Sanksi tilang elektronik
Para pelanggar batas kecepatan akan dikenakan sanksi sesuai dengan Undang-undang Lalu Lintas dan Angkutan Jalan (UU LLAJ) Nomor 22 Tahun 2009 Pasal 287 Ayat 5. Berikut lengkapnya.
(5) Setiap orang yang mengemudikan Kendaraan Bermotor di Jalan yang melanggar aturan batas kecepatan paling tinggi atau paling rendah sebagaimana dimaksud dalam Pasal 106 ayat (4) huruf g atau Pasal 115 huruf a dipidana dengan pidana kurungan paling lama 2 (dua) bulan atau denda paling banyak Rp500.000,00 (lima ratus ribu rupiah).
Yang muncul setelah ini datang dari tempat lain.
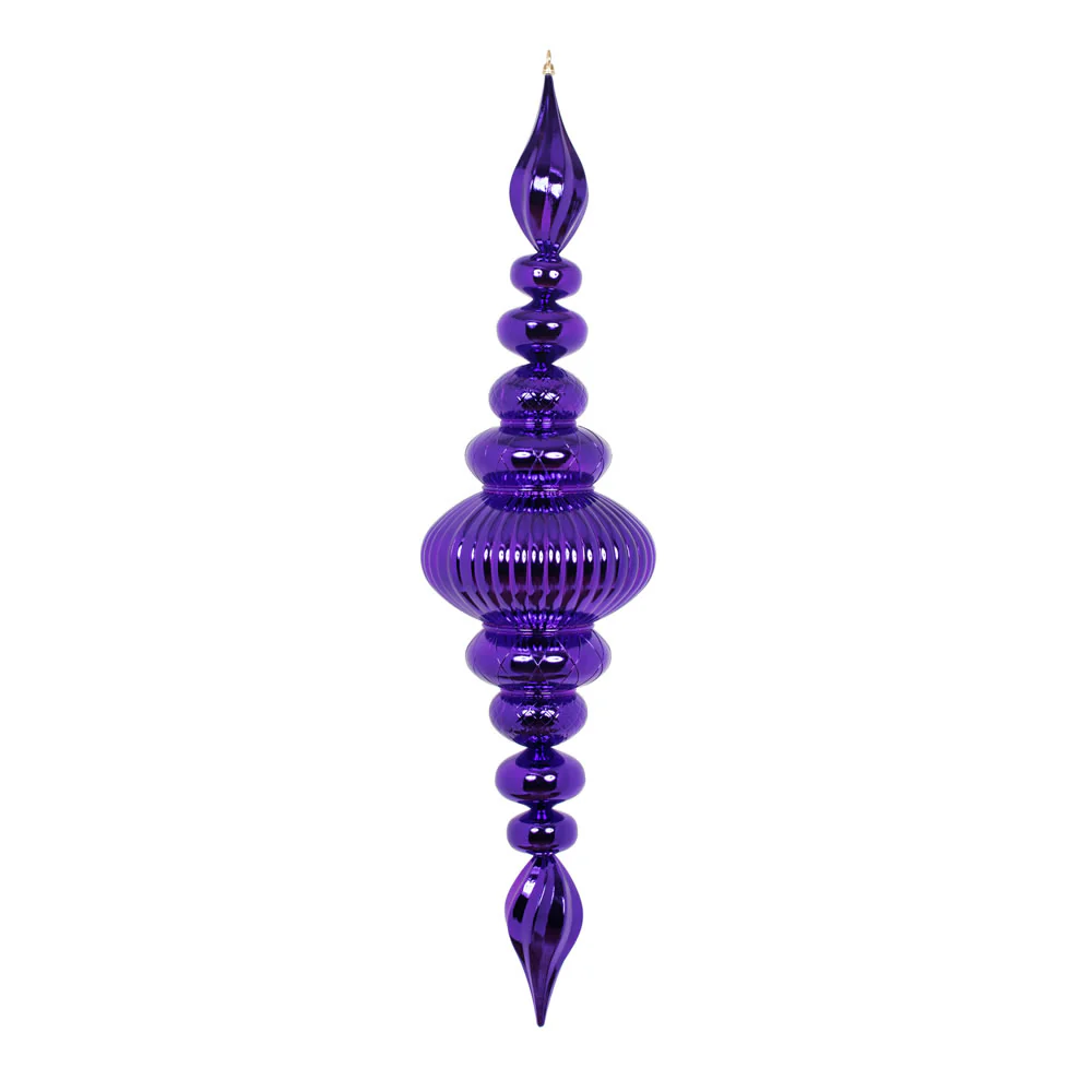 Vickerman 41" Plum Shiny Finial. This large ornament is an eye catching addition to any holiday decorating project. It features a metal hook for hanging. Made with shatterproof plastic.

Sementara pelanggaran truk ODOL dikenai sanksi sesuai Undang-undang Lalu Lintas dan Angkutan Jalan (UU LLAJ) Nomor 22 Tahun 2009 Pasal 277 dan 307. Berikut lengkapnya.
Pasal 277
Setiap orang yang memasukkan Kendaraan Bermotor, kereta gandengan, dan kereta tempelan ke dalam wilayah Republik Indonesia, membuat, merakit, atau memodifikasi Kendaraan Bermotor yang menyebabkan perubahan tipe, kereta gandengan, kereta tempelan, dan kendaraan khusus yang dioperasikan di dalam negeri yang tidak memenuhi kewajiban uji tipe sebagaimana dimaksud dalam Pasal 50 ayat (1) dipidana dengan pidana penjara paling lama 1 (satu) tahun atau denda paling banyak Rp24.000.000,00 (dua puluh empat juta rupiah).
Pasal 307
Setiap orang yang mengemudikan Kendaraan Bermotor Angkutan Umum Barang yang tidak mematuhi ketentuan mengenai tata cara pemuatan, daya angkut, dimensi kendaraan sebagaimana dimaksud dalam Pasal 169 ayat (1) dipidana dengan pidana kurungan paling lama 2 (dua) bulan atau denda paling banyak Rp500.000,00 (lima ratus ribu rupiah).